As college students across the country rush to finish their final papers, the Pentagon is preparing to turn in its final report on the Total Information Awareness project in hopes of getting a passing grade from Congress.

More than a college transcript is at stake for the program, however. Its continued existence likely will turn on the report's reception.

The report, which is due Tuesday, must outline the project's privacy implications and detail the scope of the system intended to catch terrorists by combing through Americans' travel records and credit card purchases.

In January, the Senate unanimously approved a spending bill amendment which ordered the Pentagon, the CIA and the Justice Department to report on the project to Congress.

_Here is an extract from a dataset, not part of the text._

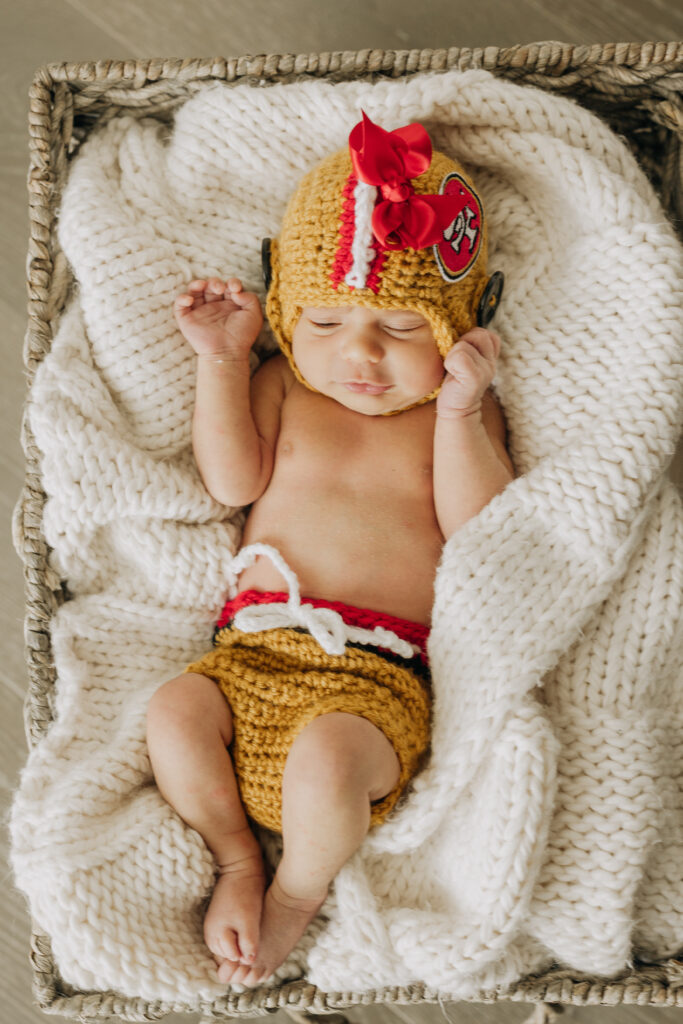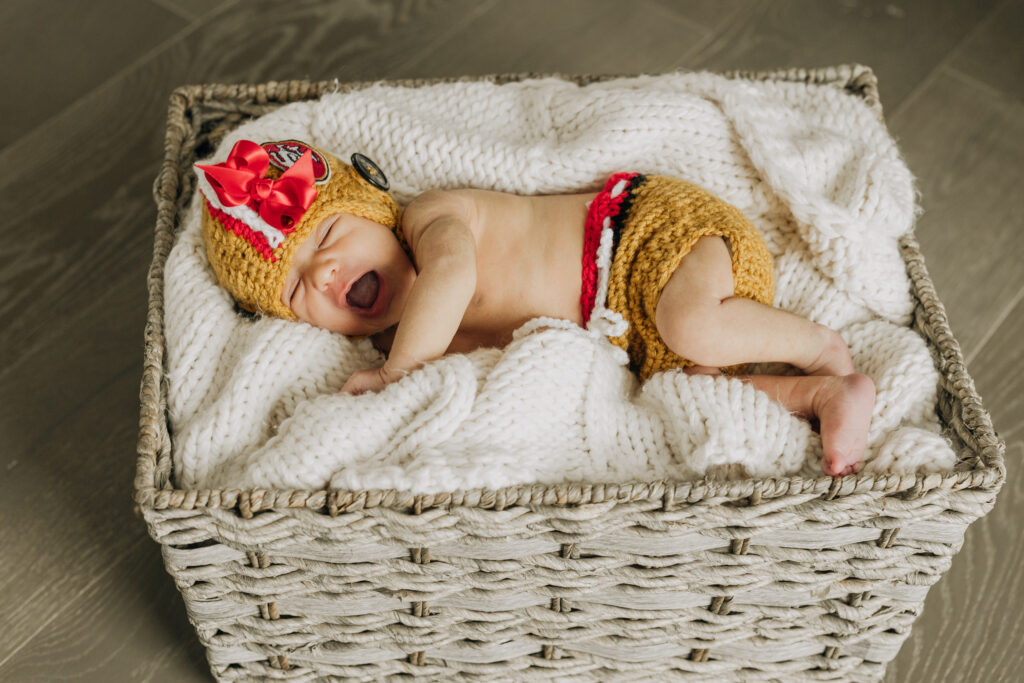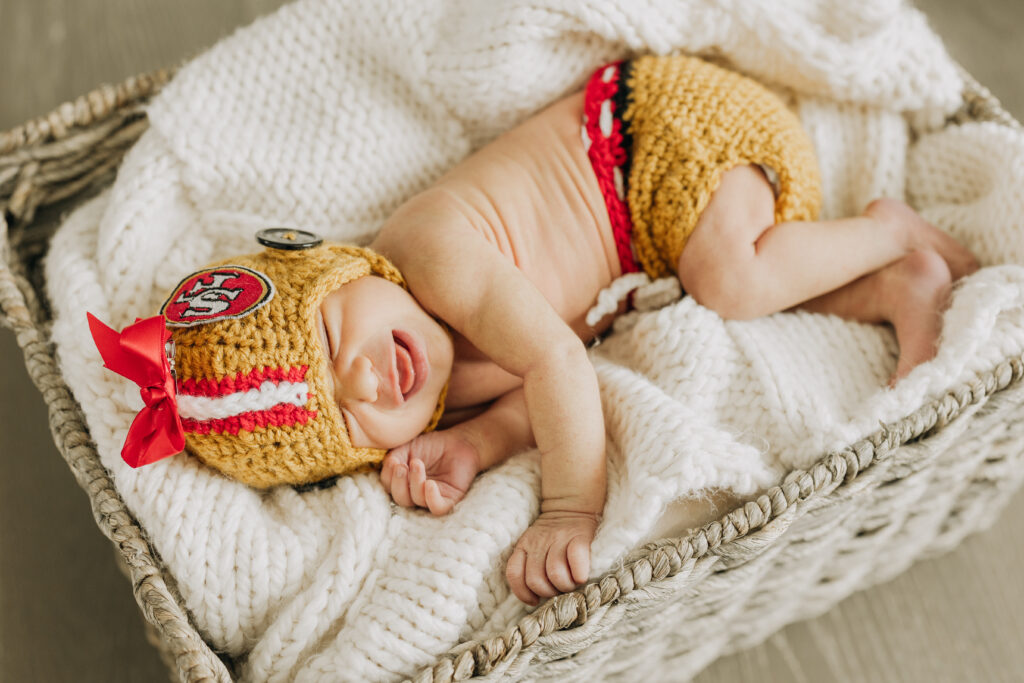 The tiniest 49ers fan yawns in her basket, creating a playful and memorable South Bay newborn photoshoot moment.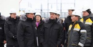 На мероприятии присутствовали премьер-министр РФ Д.А.Медведев, губернатор ХМАО Н.В.Комарова и глава Роснефть И.И.Сечин.

Failure to do so would cost the program its future funding.

The amendment, introduced by Sen. Ron Wyden (D-Ore.), survived House-Senate negotiations. President Bush signed the bill Feb. 20, making Tuesday the report's deadline.

Wyden warned the Senate on March 13 not to attempt to undo the oversight requirements.

"The TIA technology will give the federal government the capability to operate the most massive domestic surveillance program in the history of our country," putting the financial, medical and other details of Americans' private lives in the hands of tens of thousands of bureaucrats, he said. "The American people have the right to know if the federal government intends to deploy this technology against them, when it will do so and how, and Congress should preserve its oversight over the program."